If I was asked to create a musical writing partnership, I’m not sure I’d put together the writer of sophisticated, clever stuff like Sunday in the Park with George & Into the Woods, James Levine, and the man behind chirpy, quirky shows like The 24th Annual Putnam County Spelling Bee and the three Falsetto musicals, William Finn, but here they are together, adapting the 2006 hit film of the same name.

Olive is runner-up in the regional Little Miss Sunshine pageant, but gets through to the national final when the winner is disqualified. This necessitates a road-trip for the entire family – mom Sheryl, dad Richard, Grandpa, Uncle Frank and teenage brother Dwayne – from Albuquerque, New Mexico, to Redondo Beach, California. They are beset with problems along the way – car breakdowns, dad’s book deal falling through, the discovery of a condition that will blight Dwayne’s chosen career, a chance meeting with an ex. and his new lover for Frank and something way more serious for grandpa – but they make it.

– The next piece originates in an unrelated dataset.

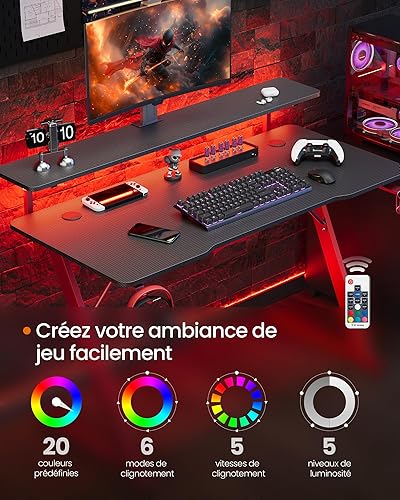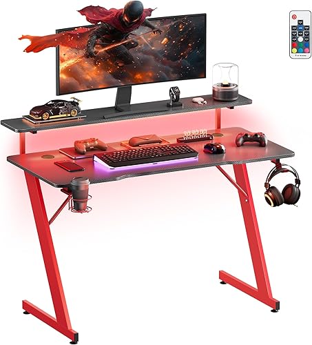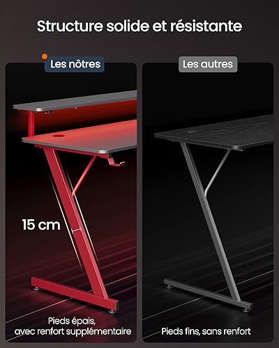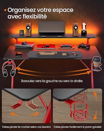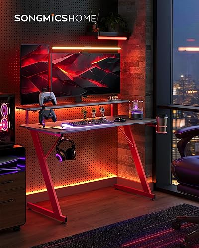 SONGMICS HOME Bureau de Jeu, avec Lumière LED, en Forme de Z, Support Moniteur, Porte-Gobelet, Crochet pour Casque, pour Bureau à Domicile, Noir Carbone et Rouge Rubis LWD099B01
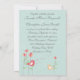 Une belle invitation pour vos nuptiaux à venir avec une illustration fantaisiste d'oiseaux chantant et des fleurs de style moderne. L'arrière - plan est vert menthe et peut être changée selon votre style avec un subtil motif de fleurs blanches sur l'arrière - plan. Le texte est entièrement personnalisable pour vos propres occasions spéciales. Cette coordination est assurée par la collection de Mariages Whimsical Singing Birds with Flowers. Si vous avez besoin d'aide pour la personnalisation de votre journée spéciale ou si vous souhaitez cette combinaison de couleurs différente ou sur des produits qui ne sont pas actuellement offerts avec ce design, veuillez nous contacter par l'intermédiaire de notre magasin WeddingBazaar.

It’s hard to like a show about an institution you loathe, even if it is sending it up a bit, but its not helped by a fairly pedestrian book and a bland score. The first half in particular fails to engage enough, and the second half makes a customary descent into American musical theatre sentimentality. There’s nothing wrong with Mehmet Ergen’s production, with an excellent design by David Woodhead and some nifty choreography from Anthony Whiteman. I don’t know which of the three Olive’s we had on Tuesday, but she melted hearts on cue. The five leads are uniformly good – Laura Pitt-Pulver, Gabriel Vick, Gary Wilmot, Paul Keating & Sev Keoshgerian – and there are terrific comic turns from Imelda Warren-Green as Linda the bereavement liaison and Miss California.

I just don’t think it was really worth the transatlantic crossing, and why are they serving American cheese at the edgy Arcola anyway?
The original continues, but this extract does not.